• _Task brief_: Beginning with the line of the entries below that holds "マーケットでは、「関税→コス" and ending with the line that holds "25 fevral saat", transcribe each line exactly as written. Pictures stay out.

• _Stored data_:
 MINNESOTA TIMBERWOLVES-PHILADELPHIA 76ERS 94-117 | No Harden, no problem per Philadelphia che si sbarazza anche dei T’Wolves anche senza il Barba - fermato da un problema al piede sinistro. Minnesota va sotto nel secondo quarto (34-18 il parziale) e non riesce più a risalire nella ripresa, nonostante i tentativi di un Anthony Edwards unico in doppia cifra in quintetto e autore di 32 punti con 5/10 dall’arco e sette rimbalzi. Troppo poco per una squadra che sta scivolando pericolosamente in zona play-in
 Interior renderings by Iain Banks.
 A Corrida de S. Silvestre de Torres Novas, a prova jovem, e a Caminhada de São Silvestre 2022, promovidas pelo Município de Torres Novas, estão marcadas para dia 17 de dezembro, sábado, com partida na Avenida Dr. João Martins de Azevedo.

---

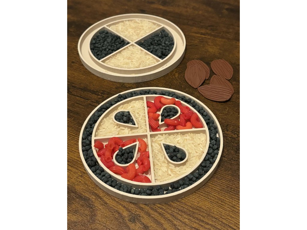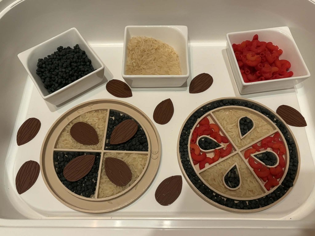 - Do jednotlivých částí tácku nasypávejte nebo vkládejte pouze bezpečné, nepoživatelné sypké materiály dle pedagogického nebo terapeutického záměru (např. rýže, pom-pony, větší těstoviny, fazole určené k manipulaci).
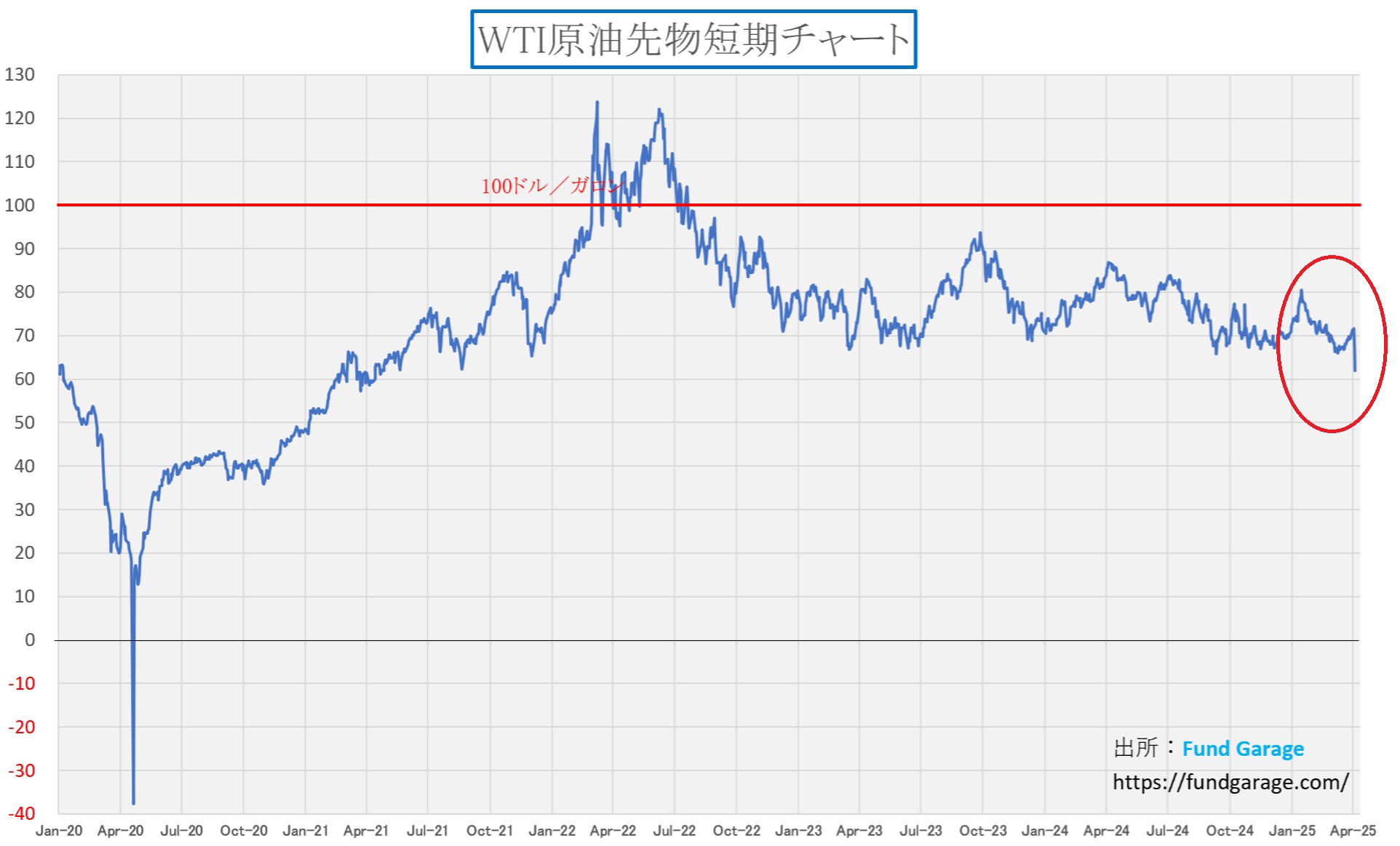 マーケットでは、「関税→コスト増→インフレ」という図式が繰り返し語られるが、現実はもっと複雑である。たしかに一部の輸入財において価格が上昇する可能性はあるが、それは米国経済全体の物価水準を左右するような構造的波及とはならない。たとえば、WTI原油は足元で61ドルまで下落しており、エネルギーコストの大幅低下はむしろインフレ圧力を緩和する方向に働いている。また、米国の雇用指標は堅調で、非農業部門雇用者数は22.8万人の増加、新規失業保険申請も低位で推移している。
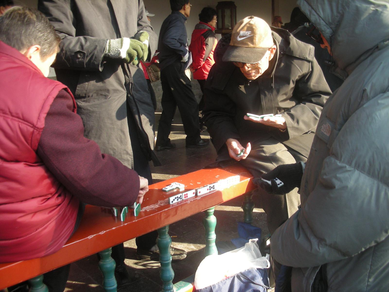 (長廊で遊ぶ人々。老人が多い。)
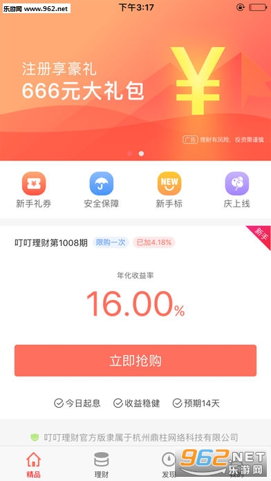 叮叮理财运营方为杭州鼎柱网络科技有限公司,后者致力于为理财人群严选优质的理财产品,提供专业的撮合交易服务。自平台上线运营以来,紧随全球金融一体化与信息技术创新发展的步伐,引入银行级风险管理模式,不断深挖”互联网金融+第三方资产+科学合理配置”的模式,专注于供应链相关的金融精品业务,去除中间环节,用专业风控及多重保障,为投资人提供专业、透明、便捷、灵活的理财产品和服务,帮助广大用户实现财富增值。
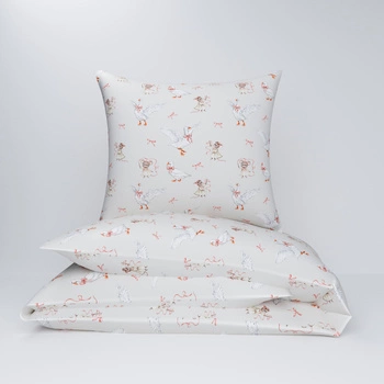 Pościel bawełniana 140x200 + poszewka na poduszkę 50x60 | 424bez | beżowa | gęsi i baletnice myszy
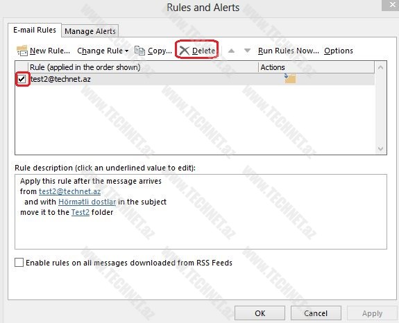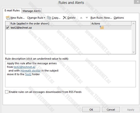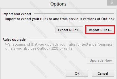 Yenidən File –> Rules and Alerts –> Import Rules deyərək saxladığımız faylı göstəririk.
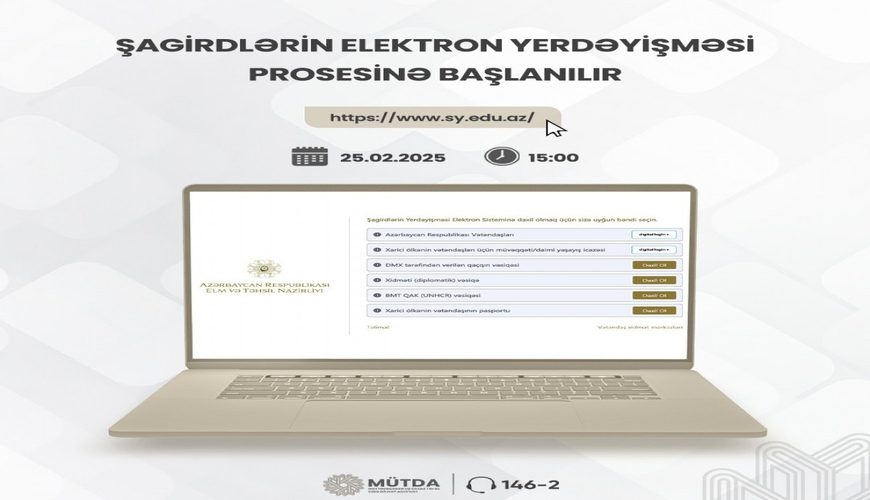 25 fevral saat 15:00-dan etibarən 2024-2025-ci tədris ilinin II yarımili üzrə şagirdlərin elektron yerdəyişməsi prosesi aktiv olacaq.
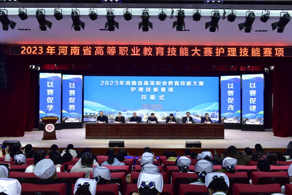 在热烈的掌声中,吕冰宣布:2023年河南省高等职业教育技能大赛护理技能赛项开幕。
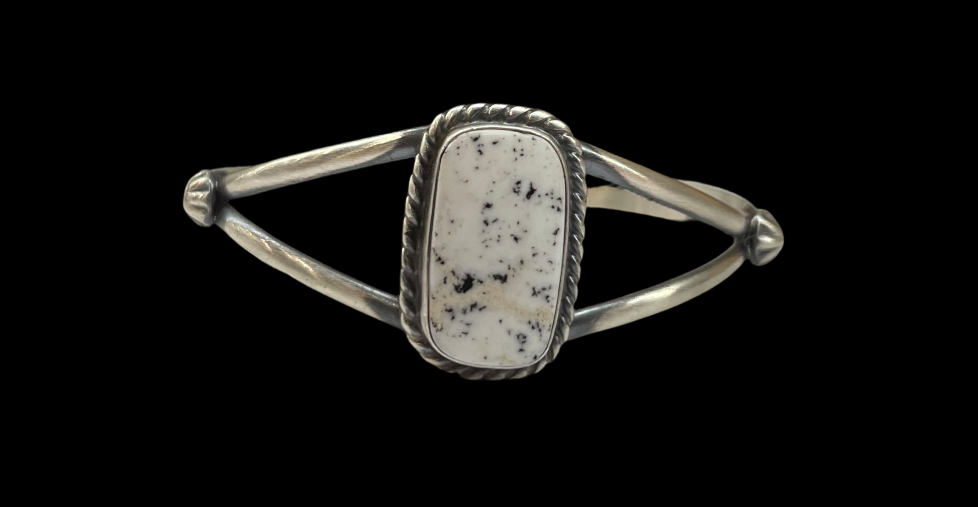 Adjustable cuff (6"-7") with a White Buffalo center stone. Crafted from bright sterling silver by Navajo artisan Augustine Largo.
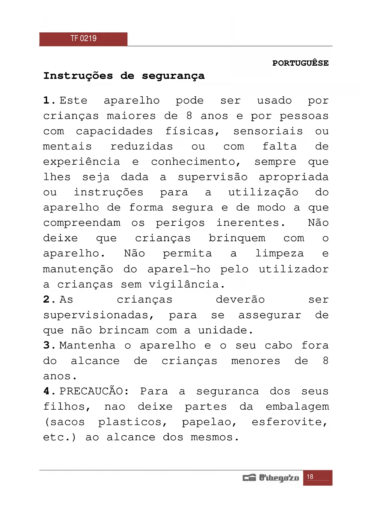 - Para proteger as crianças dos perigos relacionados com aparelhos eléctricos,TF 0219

---

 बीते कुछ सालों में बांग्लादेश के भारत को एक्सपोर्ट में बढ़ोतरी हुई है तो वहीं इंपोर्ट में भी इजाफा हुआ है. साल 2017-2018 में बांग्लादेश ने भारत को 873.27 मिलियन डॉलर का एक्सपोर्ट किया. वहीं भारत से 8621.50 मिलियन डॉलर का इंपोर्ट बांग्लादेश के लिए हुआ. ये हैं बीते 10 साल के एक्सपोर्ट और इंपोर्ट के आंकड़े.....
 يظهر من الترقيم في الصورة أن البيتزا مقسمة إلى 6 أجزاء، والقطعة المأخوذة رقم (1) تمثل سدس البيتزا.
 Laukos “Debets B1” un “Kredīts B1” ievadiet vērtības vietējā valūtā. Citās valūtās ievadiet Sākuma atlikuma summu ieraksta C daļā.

• _Written answer_:
 マーケットでは、「関税→コスト増→インフレ」という図式が繰り返し語られるが、現実はもっと複雑である。たしかに一部の輸入財において価格が上昇する可能性はあるが、それは米国経済全体の物価水準を左右するような構造的波及とはならない。たとえば、WTI原油は足元で61ドルまで下落しており、エネルギーコストの大幅低下はむしろインフレ圧力を緩和する方向に働いている。また、米国の雇用指標は堅調で、非農業部門雇用者数は22.8万人の増加、新規失業保険申請も低位で推移している。
 (長廊で遊ぶ人々。老人が多い。)
 叮叮理财运营方为杭州鼎柱网络科技有限公司,后者致力于为理财人群严选优质的理财产品,提供专业的撮合交易服务。自平台上线运营以来,紧随全球金融一体化与信息技术创新发展的步伐,引入银行级风险管理模式,不断深挖”互联网金融+第三方资产+科学合理配置”的模式,专注于供应链相关的金融精品业务,去除中间环节,用专业风控及多重保障,为投资人提供专业、透明、便捷、灵活的理财产品和服务,帮助广大用户实现财富增值。
 Pościel bawełniana 140x200 + poszewka na poduszkę 50x60 | 424bez | beżowa | gęsi i baletnice myszy
 Yenidən File –> Rules and Alerts –> Import Rules deyərək saxladığımız faylı göstəririk.
 25 fevral saat 15:00-dan etibarən 2024-2025-ci tədris ilinin II yarımili üzrə şagirdlərin elektron yerdəyişməsi prosesi aktiv olacaq.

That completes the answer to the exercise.